Monday, September 29, 2008

Monumental Victory Amid Ruins

I suppose at some level I should be happy that the House of Representatives defeated the Administration's and the Democratic Congressional leadership's proposal to bail out Wall Street. Nevertheless, a few facts remain.

One, we are still in dire straits economically. Yes, it is the fault of these industries, a deregulated environment, and the fact we have allowed business to administer the halls of power and our financial well being into what we have now. However, the average American is still spending (earned and borrowed) more than he or she makes in a year. The institutions, once corrected by market forces, are going to destroy the life's savings, retirements, and jobs of millions of people. There is no getting around that.
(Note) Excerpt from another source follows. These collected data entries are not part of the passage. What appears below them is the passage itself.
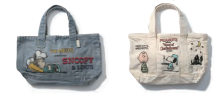
431401 Linus JAN: 4980862 431418 431402 Night JAN: 4980862 431425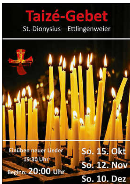
Plakat: W. Espe

Unser nächstes Taizé-Gebet findet am Sonntag, 15. Oktober, 20 Uhr statt. Die weiteren Termine bis Jahresende sind für 12.11. und 10.12. ebenfalls um 20 Uhr geplant. Wer möchte, kann gerne bereits um 19:30 Uhr kommen und mit uns die größtenteils mehrstimmigen, aber einfachen Lieder einüben.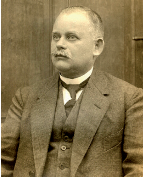
Abb. 2: Otto Rapp (1878–1953)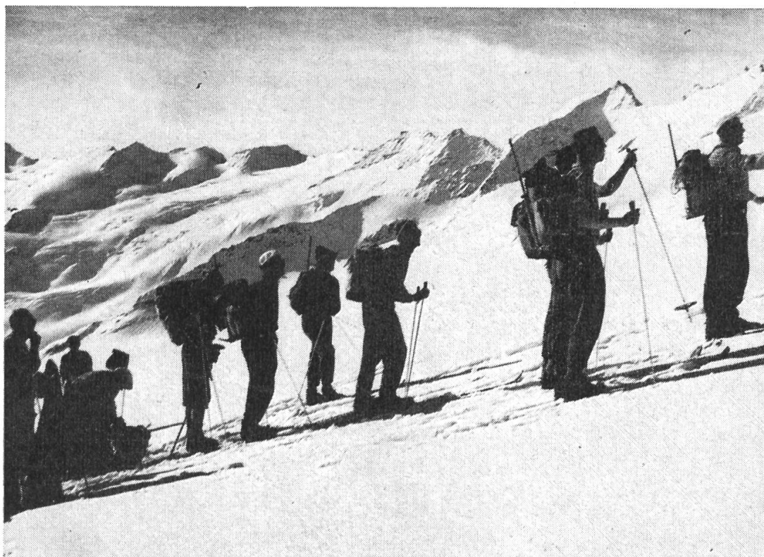
Im Aufstieg unterhalb der Wetterlimmi, vor der Kette des Ewigschneehorns.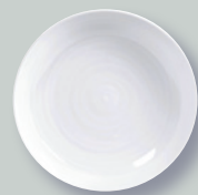
Assiette à pâtes D. 24 cm Pasta plate D. 9.5"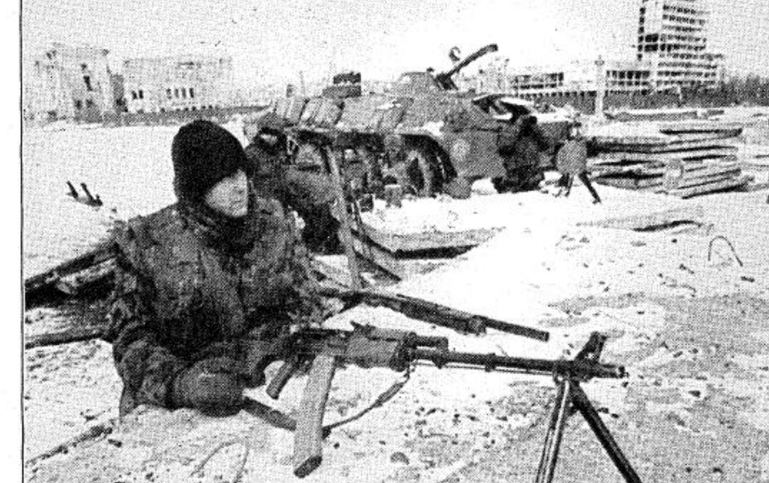
أحد عناصر الجيش البوسني الروسي يقوم بأعمال الحراسة من موقعه المجهز بمدفع ماكينة كلاشينكوف وسط مدينة جروزني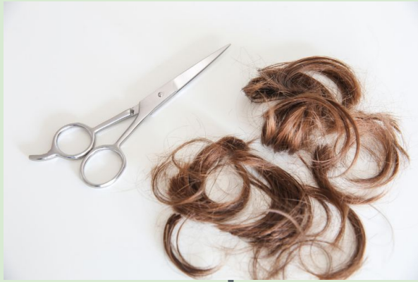
Cheveux à recycler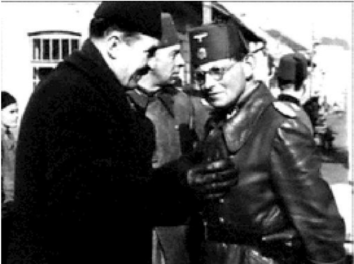
Un dirigeant des Waffen SS musulmans. On notera l'insigne nazi du fez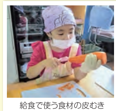
給食で使う食材の皮むき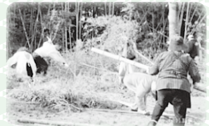
仲間とともに環境美化

Moreover, there is no guarantee that any infusion of government money is going to prevent it. The rot of the markets has already set in and has for the past two weeks (arguably the past year, since the subprime collapse occurred last autumn). There is no way even $700 billion is going to rescue it because the fundamentals and credit-worthiness of the companies and its clients remain weak. Did anyone honestly believe that if this bill had passed that the lending institutions would loosen the credit requirements again? We deregulated the industry and cut their taxes multiple times in the past decade and the executives of these companies still managed to put themselves on the economic and financial brink.
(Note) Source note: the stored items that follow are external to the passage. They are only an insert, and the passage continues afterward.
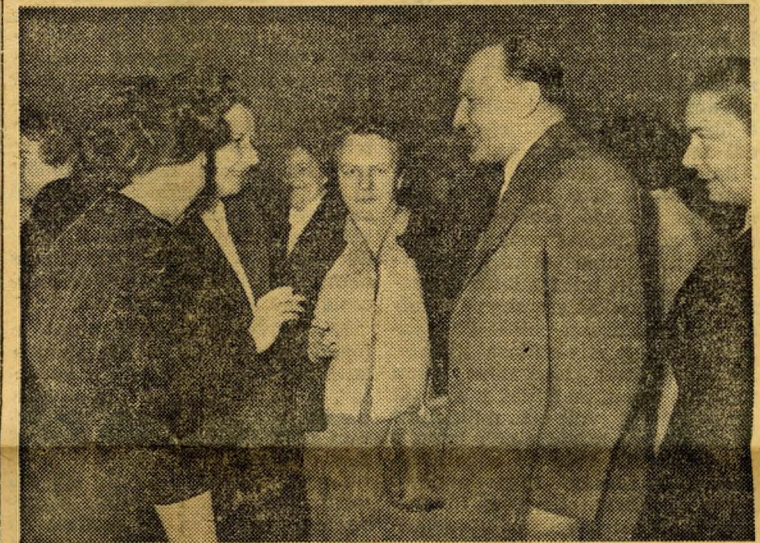
Kádár János elvtárs a kitüntetettekkel beszélget.

Hétfőn a SZÖVOSZ székházában a földművelésügyi mozgalom legkiválóbb nődolgozóit ünnepelték. A földművelésügyi mozgalomban végzett eredményes munkáért 44 nő kapott „Kiváló földművelésügyi dolgozó”, illetve „Kiváló belkereskedelmi dolgozó”-jelvényt és pénzjutalmat. A kitüntetettek tiszteletére a SZÖVOSZ igazgatósága fogadást adott.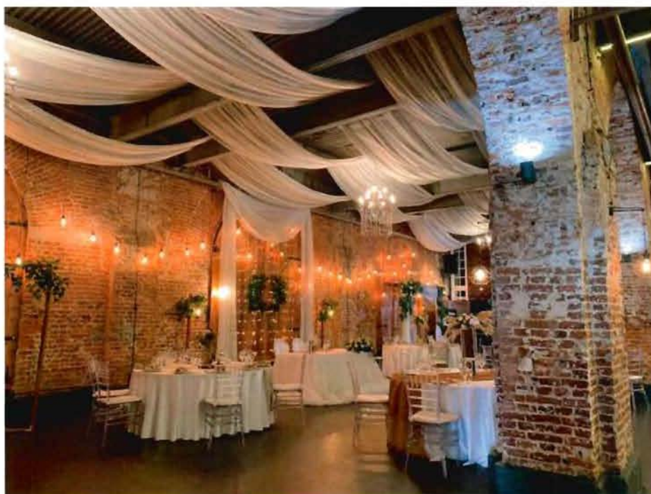
6. Интерьер помещения № 1-Н(50) объекта культурного наследия.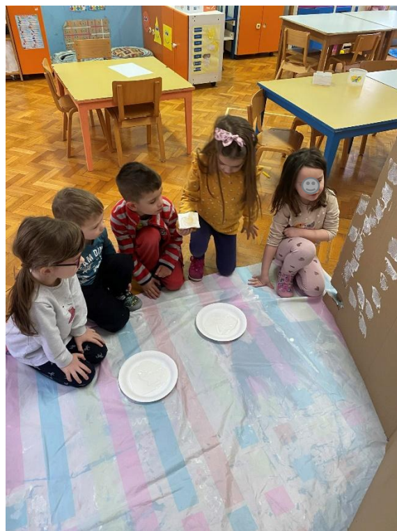
Slika 9. Djeca izrađuju igloo

Pravljenje igloo-a trajalo je dva dana te su se djeca nakon toga igrala u igloou, donosili razne slikovnice, igračke i didaktiku. U jednom trenutku je jedna djevojčica donijela glazbene instrumente i počela svirati. S pjesmom i sviranjem priključila joj se grupa djece. Kada sam ih pitala što oni sada rade, odgovorili su da su oni na Antarktici, da su Eskimi koji pjevaju i sviraju (Slika 9).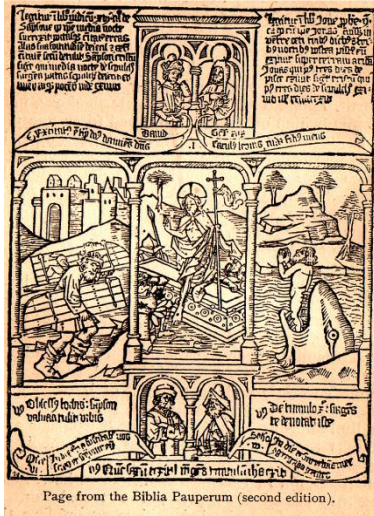
Page from the Biblia Pauperum (second edition).

برخی از قدیسان معتقد بودند که هنرمند اسیر دست شیطان است و دستاویز او یا فرزند اوست. اما کم کم کلیسا به روی هنرمندان گشوده شد و هنرمندان جایگاه رفیعی در آن یافتند. مینیاتور (طبیعت کوچک شده مصور) به صورت های مختلف آشکار شدند و بعد از آن به جایی رسیدند که دیوارها و سقف کلیساها منقش به تصاویر زیبای هنری شدند (تصویر ۲) هر چند این تصاویر خیال انگیز در اصل برای آن بود که مؤمنان بی سواد هم بتوانند جذب کلیسا شوند و هم با دیدن این تصاویر حکایت های دینی آنها را به پرسش بگیرند و به تأمل درآیند. اما این تصاویر جزء جدایی ناپذیر کلیسا شدند.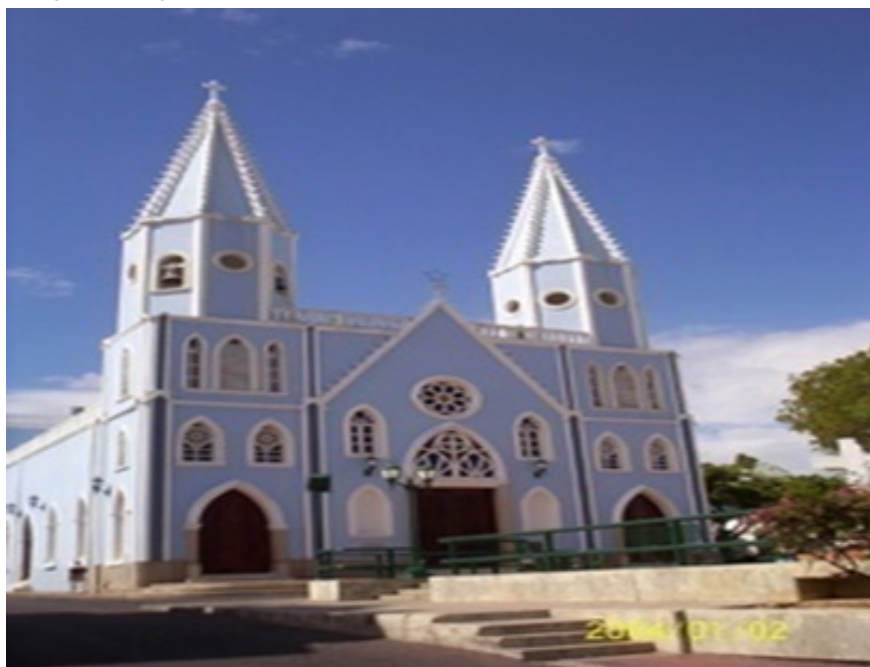
Imagen 2: Segundo Templo de Santa Lucía.

Two, there still remains an ideological cleavage in the House of Representatives. More than two-thirds of House Republicans opposed the bailout because they think anything that interferes with the market is necessarily wrong. Forty percent of House Democrats opposed it because, like myself, they were critical of a corporate giveaway and reward for institutions and executives whose criminal conduct destroyed these institutions. This defeat is not going to bridge that divide. If Congress were to really take up the legislation that it should, which would mean concentrating on protecting the assets, retirements, and homes of workers, instead of executives, those same Republicans would likely oppose it, as well as any regulations on an industry they were vital in deregulating back in the 1990s (with the help of then President Bill Clinton). It seems highly unlikely that this Congress will do anything that is of value.

Three, the threat of a future watered down bill in Congress still remains. The House is going to reconvene on the issue shortly, certainly no later than next week. When they do, you can be assured that the full persuasive force of the White House and Congressional leadership will be used to manufacture sufficient votes. Of course, the legislation will be reworked to give the appearance of a different and improved bill, but it will be nothing of the kind. This bill was defeated because of Congressional Republicans. Their votes will not be swayed by a reintroduction of the Glass-Steagall Act. Indeed, it would only agitate them all the more.

Four, Secretary of Treasury Henry Paulson and Federal Reserve Chairman Ben Bernanke cannot be trusted to implement any plan for regulation, recovery, and certainly not a taxpayer giveaway. Paulson is an ex-chief executive at Goldman Sachs. He knows most of the executives I have fulminated against for the past week. There is a reason he has been so vociferous in wanting to see them succeed. This was all the more reason why his initial proposal called for no oversight of his government purchases of failed companies. Bernanke has also been intimately involved in this crisis, as one of the apologists for predatory loan practices, which facilitated what we are residing in today. In fact, as an economist Bernanke (ad admirer and friend of Milton Friedman) was one of the early supporters for the overthrow of the Glass-Steagall Act back in 1999. Trusting people so closely involved with the bureaucratic mechanisms and causes for the current state of affairs is not a recipe for economic recovery.

Still, there is one thing you will be able to rely on. The continued lack of a backbone and frequent side-by-side appearances of the Congressional Democratic leadership with President Bush, extolling the virtues of bipartisanship and "putting our country first."